Two texts from Antiquity clearly relate the existence of disorders that occurred after a traumatic shock.

Herodotus narrates that during the Battle of Marathon between the Athenians and the Persians, in 490 BC, an Athenian soldier named Epizelos remained blind all his life following a fight during which he saw a colossus approaching him, and kill his comrade right next to him [1].

In the first century before Christ, Lucretius wrote:

“Men whose minds are occupied with the great and violent actions they have performed, repeat and revive their exploits in their dreams. Many, thinking they are falling to the ground with all the weight of their bodies from the top of the mountains, are terrified of terror, and once pulled out of sleep; they find it hard to regain their spirits [2].”

Ancient observers had already been able to observe the traumatic impact of events provoking a psychic shock, either in the form of “hysterical conversion” or in the form of “repetition syndromes”, each time with nightmares and night terrors.

In the 19th century, in France, the doctor Philippe Pinel describes the persistent symptoms of a retired soldier, who follow a series of successive traumas.

“After fifty years of very active service, (...this man) became subject to various nervous affections, such as spasms in the limbs, bursts in sleep, frightening dreams [3].”

In Germany, the psychiatrist Hermann Oppenheim proposes the term of “traumatic neurosis” in a first work in 1889, then in a second one in 1891, shortly before the birth of the psychoanalysis. He cites some typical symptoms: nightmares, repetitive sleep disturbances, latency before the appearance of the disorders, irritability and nervous exhaustion.

These clinical signs will be retained to characterize the effects of trauma.

During the same period, and more particularly in the 1880s, the French neurologist Jean-Martin Charcot (1825-1893) discovered that a traumatic shock caused a “dissociation of consciousness”, a break in the presence in the world and in the contact with the reality.

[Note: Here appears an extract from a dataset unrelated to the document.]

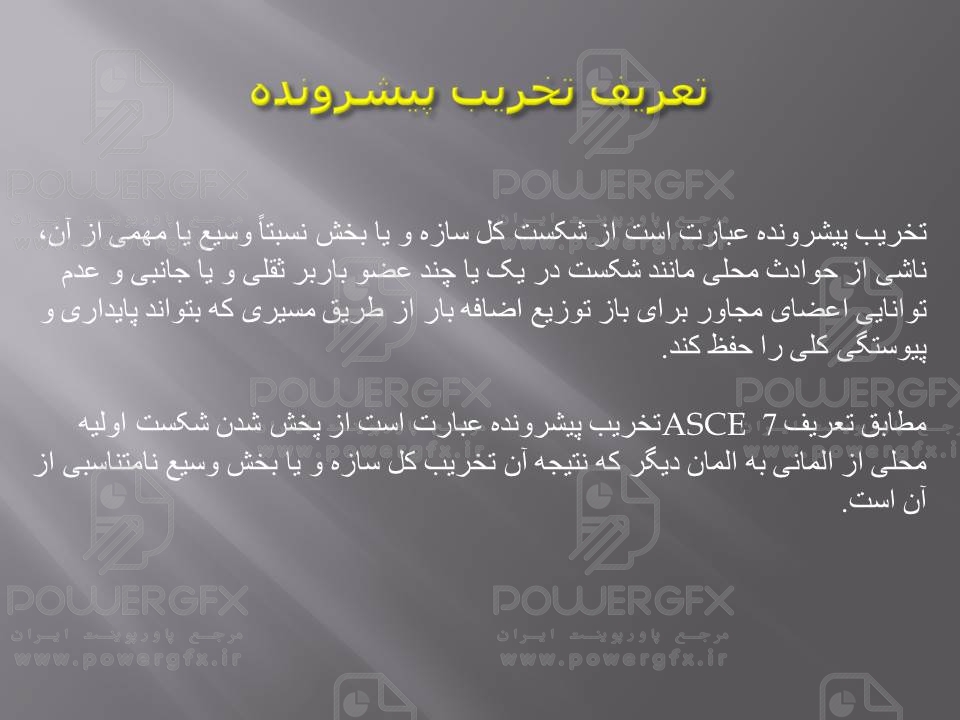 انجمن مهندسی عمران آمریکا ASCE خرابی پیش رونده را اینگونه تعریف کرده است:

As a result, the memory of the event remains unconscious [4]. This fundamental discovery will be taken up and continued by the French philosopher and doctor Pierre Janet (1859-1947).

From 1890 to 1897, Sigmund Freud proposed a traumatic theory of neuroses. At this period, he favours the sexual nature of the trauma [5]. In 1915, he gives an economic definition of trauma, as an event which overflows the person by its intensity.

“We call a lived event which, in the space of a short space of time, brings into the psychic life such an excess of excitement that its suppression or natural assimilation becomes an impossible task, which has the effect of lasting troubles in the use of energy” [6].

The father of psychoanalysis identifies a trauma as a psychic event that corresponds to a discontinuity. This stranger element is symptomatic, returns to the identical, and remains in pain while waiting for elaboration.

References

  1. Herodotus (1920) Histories, Book VI c. 117-119.
  2. Lucretius (50 BC) De natura rerum, Book IV c. 1010-1024.
  3. Pinel P (1809) Medico-Philosophical Treatise on Insanity.
  4. Charcot JM (1890) Leçons sur les maladies du système nerveux (1885-1887). Paris, Progrès Médical.
  5. Breuer J, Freud S (1895) Studies in Hysteria. Penguin Books, London 2004.
  6. Freud S (1915) Introductory Lectures on Psycho-Analysis (1915–1916). Vintage Classic, London, 2001.